Dans le détail, les machines à usage général comme les turbines, pompes et équipements de dynamique des fluides ont connu une progression remarquable de 31,8%, atteignant 285 millions d’euros. Dans la même veine, les machines spéciales destinées à divers secteurs industriels ne sont pas en reste avec une hausse significative de 22,9% (281 millions d’euros). Plus impressionnant encore, les autres machines générales, incluant les équipements de levage et ceux destinés à l’industrie pétrochimique, affichent une croissance spectaculaire de 41,4%.

Seule ombre au tableau de cette dynamique positive, le secteur automobile marque un léger repli de 7,5%, avec des exportations s’élevant à 270 millions d’euros. Cette exception dans un paysage globalement favorable pourrait toutefois s’expliquer par la stratégie de localisation de la production, comme en témoigne l’implantation récente d’une usine Fiat à Oran, transformant ainsi une partie des exportations en investissements directs.

Vers un nouveau paradigme commercial

Cette dissonance entre le recul des achats algériens et la montée en puissance des ventes italiennes traduit les bouleversements profonds à l’œuvre dans les deux économies méditerranéennes. Rome affirme désormais sa stature d’exportateur de pointe dans les secteurs technologiques et industriels, devenant un partenaire clé du chantier algérien de diversification économique. Alger, de son côté, peine encore à s’émanciper de sa dépendance historique aux hydrocarbures, mais amorce un virage stratégique vers un modèle commercial moins monolithique.

Cette évolution a été favorisée par le renforcement considérable des relations diplomatiques depuis 2021, notamment grâce aux visites bilatérales des présidents Sergio Mattarella et Abdelmajid Tebboune. Ces rapprochements au plus haut niveau ont débouché sur la signature de nombreux accords de partenariat stratégique qui ont, à leur tour, posé les bases solides d’une coopération économique élargie et diversifiée.

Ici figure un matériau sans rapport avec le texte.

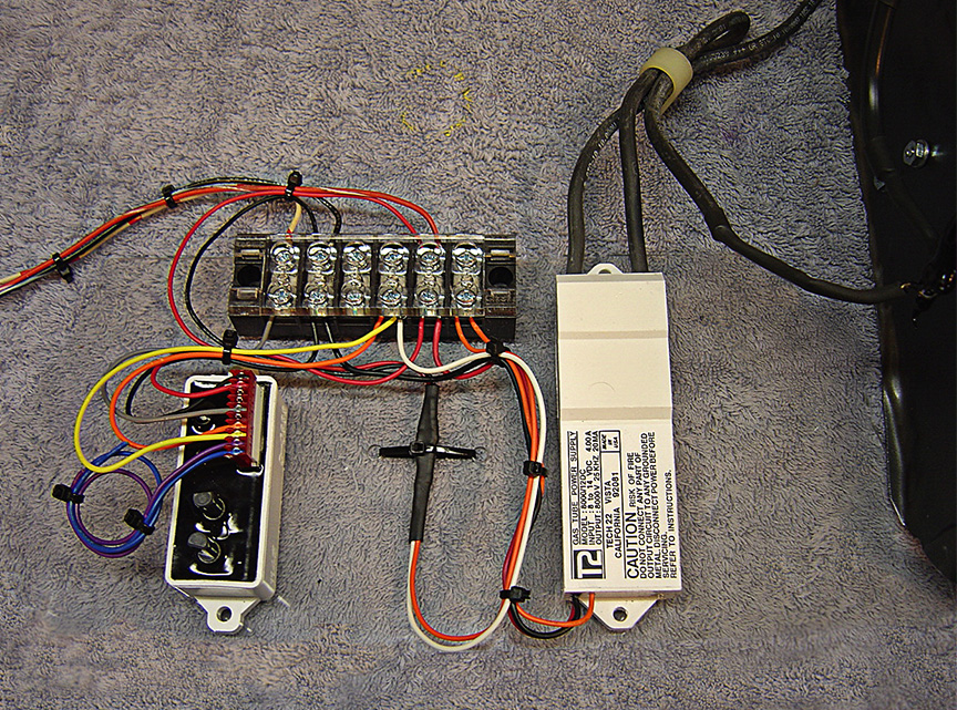 This is a picture of David S’s excellent Neon wiring setup. (Notice the shrink-wrapped Signal Invertor)

Au-delà des simples flux commerciaux traditionnels, on observe désormais une évolution qualitative profonde des relations économiques italo-algériennes. L’implantation d’une usine Fiat à Oran symbolise parfaitement cette nouvelle approche où l’investissement direct vient compléter et enrichir les échanges commerciaux classiques. Dans le même esprit, le projet agricole innovant de Timimoun développé par BF SPA représente également cette diversification sectorielle prometteuse.

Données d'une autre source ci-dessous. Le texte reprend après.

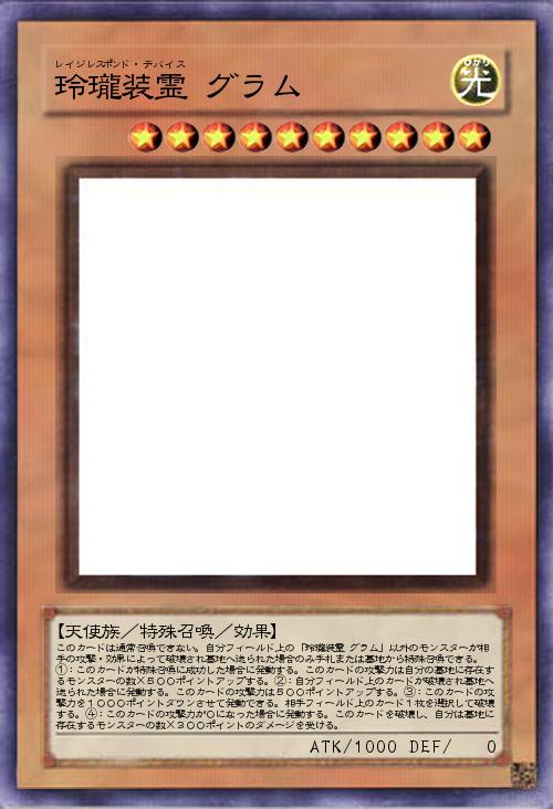 | このカードは通常召喚できない。自分フィールド上の「玲瓏装霊 グラム」以外のモンスターが相手の攻撃・効果によって破壊され墓地へ送られた場合のみ手札または墓地から特殊召喚できる。 ①:このカードが特殊召喚に成功した場合に発動する。このカードの攻撃力は自分の墓地に存在するモンスターの数×500ポイントアップする。②:自分フィールド上のカードが破壊され墓地へ送られた場合に発動する。このカードの攻撃力は500ポイントアップする。③:このカードの攻撃力を1000ポイントダウンさせて発動できる。相手フィールド上のカード1枚を選択して破壊する。④:このカードの攻撃力が0になった場合に発動する。このカードを破壊し、自分は墓地に存在するモンスターの数×300ポイントのダメージを受ける。 | |||

Ce nouveau paradigme s’inscrit pleinement dans la vision du Plan Mattei, promu activement par le gouvernement italien, qui joue un rôle catalyseur essentiel dans cette transformation économique. Cette initiative stratégique ambitieuse, qui porte le nom du fondateur visionnaire d’ENI, vise à promouvoir le développement durable en Afrique dans des secteurs variés et complémentaires comme l’énergie, les infrastructures ou l’agriculture.